老師は、自分の力で考えて、考えて、考え抜くことの大切さも教えてくれた。そして、別れ際にいった、いかなるときも心を解き放てば“針の穴くらいの抜け道は必ずある”という言葉は、後に大滝の座右の銘となるのである。胸に刻み込んだこの言葉は、大滝を幾度となく救ってくれたのである。
大滝にとって、この瞬間が真から復活の狼煙を上げたときでもある。
このままでは死んでも死にきれない、などと大げさに考えなくても人並みに生きる方法はある。もはや見栄や誇りのためではなく、一人の人間として今日という日をひたすら生きることが、難関を乗り切ることに繋がるはずだ。自分の責任を果たすという結果はおのずと後からついてくると思えるようになったのである。
諦めることは、“身を捨ててこそ浮かぶ瀬もあれ”に通じることなのかも知れない。
大滝は以前ある画廊で会った画家の話を思い出す。その画家は絵画の世界で名を残さなければ、自分の存在価値はないと思いつめて修行に励んでいたが、あるレベルからはなかなか上達せずに苦しんでいた。
あれほど好きだった絵を描くことが、苦痛にさえなったという。
ある時、その画家はプロの画家になることを諦めた。世間から認められたいなどと思わなくなっていた。しかし、好きな絵を描くことは続けたいという思いで絵を楽しむように描いた。するとどうであろう。
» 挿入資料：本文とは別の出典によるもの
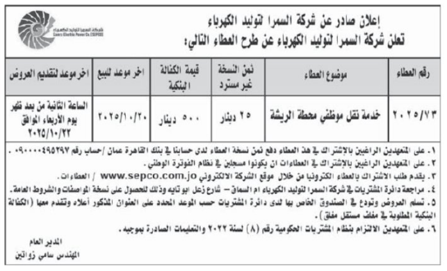 • إبحث في أكبر وأشمل قاعدة بيانات على مستوى الأردن, تحتوي على جميع العطاءات والمناقصات الحكومية، الدولية، الخاصة، والعسكرية مصنفة ومبوبة منذ عام 2013 حتى تاريخ اليوم!
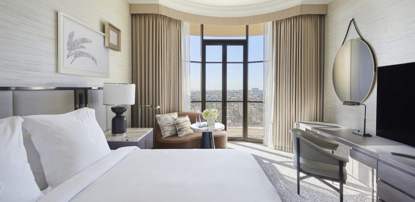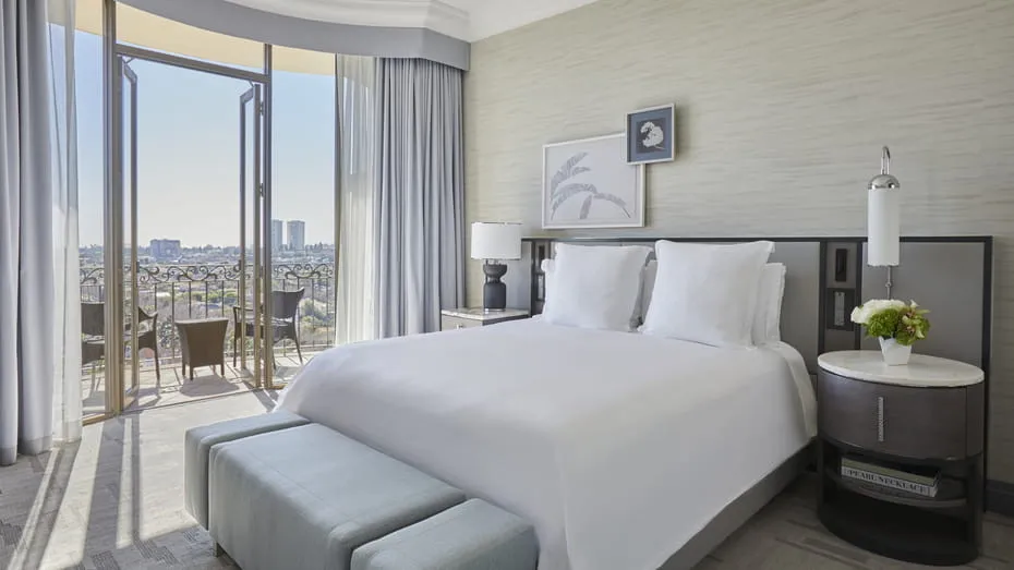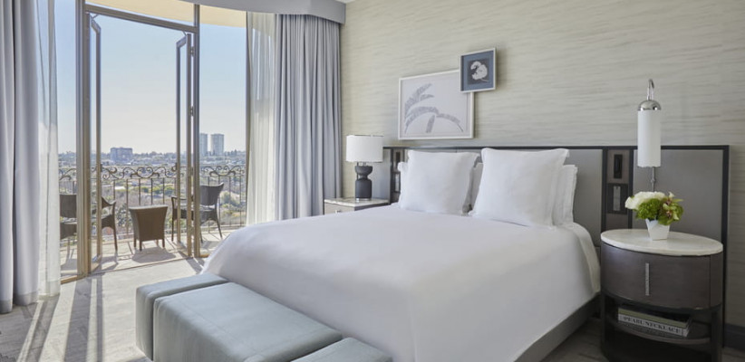 132 м2, балкон, вид на Беверли-Хиллз и район Century City, спальня с двуспальной кроватью, гостиная, гардеробная, ванная комната, гостевой санузел. Расположен на 14 этаже крыла Beverly WingGovernor Suite

いままで味わうことのなかった絵を描く喜びが分かってきたという。絵の奥行きの深さも分かってきたというのである。
結果として彼の絵は多くの人に感動を与え、画商たちの評価も得られ売れっ子になれたというのだ。
大滝が、いつの間にか連帯保証債務を負わせた友人森山のことを忘れるようになったのは、松田老師との出会いから間もなくのことであった。それは、大滝にとって大いなる救いになった。被害者意識を引きずったまま復活することはできなかったかも知れない。
すべては身から出たさびであることを、ごく自然に自覚したことが、気持ちを楽にした。
過酷な試練を耐えることに苦痛を感じなくなっていた。
大滝はどんな日も、一日少なくとも三十分は心静かに瞑想の時間をもつ習慣がついていた。
いつの間にか森山商事の倒産から四年、フロンティアの整理を始めてから三年の歳月が経っていた。